DFlash has some practical advantages over MTP that the raw throughput numbers don’t capture:

  • Standard target GGUFs: DFlash works with any unmodified model GGUF. MTP requires either specially converted MTP GGUFs (Qwen) or fork-specific assistant GGUFs (Gemma). If a new model drops tomorrow, DFlash drafters can be created without modifying the target model at all.
  • Adaptive draft depth: BeeLlama’s profit controller adjusts draft depth at runtime based on acceptance rates. MTP uses a fixed --spec-draft-n-max.
  • Reasoning-loop protection: The fork detects repeated hidden reasoning output and intervenes, which is genuinely useful for long agentic tasks.
  • Single fork: Both Qwen and Gemma DFlash run through the same binary. My MTP setup currently requires two different forks (am17an for Qwen, atomic for Gemma).

#Limitations

  • Vulkan is the wrong backend for DFlash. The CPU ring fallback on Vulkan leaves significant performance on the table. On a CUDA system the gap vs MTP would be much smaller or possibly reversed.
  • --parallel 1 required: Same as MTP, single-slot only.
  • No TurboQuant on Vulkan: The fork’s advanced KV cache compression (turbo3_tcq, etc.) is CUDA-only. Standard cache types work fine.
  • Draft model ecosystem: DFlash drafters are currently published for Qwen 3.6 27B and Gemma 4 31B. Coverage will depend on the project maintaining drafter GGUFs for new model families.

#Bottom Line

BeeLlama DFlash is a solid 2-2.7x speedup over baseline on Strix Halo’s Vulkan path. If you don’t have MTP set up, or if you’re on a model family that doesn’t have MTP GGUFs, DFlash is the easier path to faster dense model inference, one fork, one draft GGUF download, two extra flags.

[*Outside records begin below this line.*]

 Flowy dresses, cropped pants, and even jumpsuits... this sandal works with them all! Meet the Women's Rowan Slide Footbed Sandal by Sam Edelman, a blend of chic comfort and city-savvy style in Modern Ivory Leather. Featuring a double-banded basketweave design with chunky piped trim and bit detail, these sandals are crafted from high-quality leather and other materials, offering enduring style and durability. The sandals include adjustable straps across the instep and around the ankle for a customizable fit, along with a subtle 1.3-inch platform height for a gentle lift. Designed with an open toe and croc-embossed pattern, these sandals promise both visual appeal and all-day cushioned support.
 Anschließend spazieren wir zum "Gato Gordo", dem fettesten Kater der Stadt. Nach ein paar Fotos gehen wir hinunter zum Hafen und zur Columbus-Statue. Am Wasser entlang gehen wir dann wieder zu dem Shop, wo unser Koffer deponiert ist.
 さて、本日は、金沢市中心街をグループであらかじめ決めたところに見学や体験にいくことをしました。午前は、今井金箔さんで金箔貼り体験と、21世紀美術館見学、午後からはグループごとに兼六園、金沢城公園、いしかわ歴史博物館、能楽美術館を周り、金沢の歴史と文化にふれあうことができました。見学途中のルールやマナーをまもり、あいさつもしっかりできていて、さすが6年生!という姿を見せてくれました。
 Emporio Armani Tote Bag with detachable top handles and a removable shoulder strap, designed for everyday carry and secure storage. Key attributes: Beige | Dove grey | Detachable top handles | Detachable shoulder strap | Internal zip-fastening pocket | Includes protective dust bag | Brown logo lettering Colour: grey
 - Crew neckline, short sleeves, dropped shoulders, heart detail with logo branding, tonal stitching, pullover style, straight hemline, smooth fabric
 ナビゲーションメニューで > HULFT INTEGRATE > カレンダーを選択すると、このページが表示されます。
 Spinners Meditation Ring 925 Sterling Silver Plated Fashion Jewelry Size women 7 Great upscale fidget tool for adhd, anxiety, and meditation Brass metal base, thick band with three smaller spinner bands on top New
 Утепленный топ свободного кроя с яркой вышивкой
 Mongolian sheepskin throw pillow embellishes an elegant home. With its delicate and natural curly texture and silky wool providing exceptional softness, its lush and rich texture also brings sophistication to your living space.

But if you already have MTP working (as I do for both Qwen and Gemma), there’s no reason to switch. MTP is 23-67% faster in practice on this hardware, and the gap comes from a fundamental architectural advantage: MTP heads ride along with the target model’s weight reads instead of competing for the memory bus through a separate model and a CPU ring buffer.

I’ll revisit this if BeeLlama adds native ROCm ring support or if I get access to a CUDA system where DFlash can use its GPU ring path. The project is actively developed and the DFlash approach has clear potential, it just needs the right backend to show its full strength.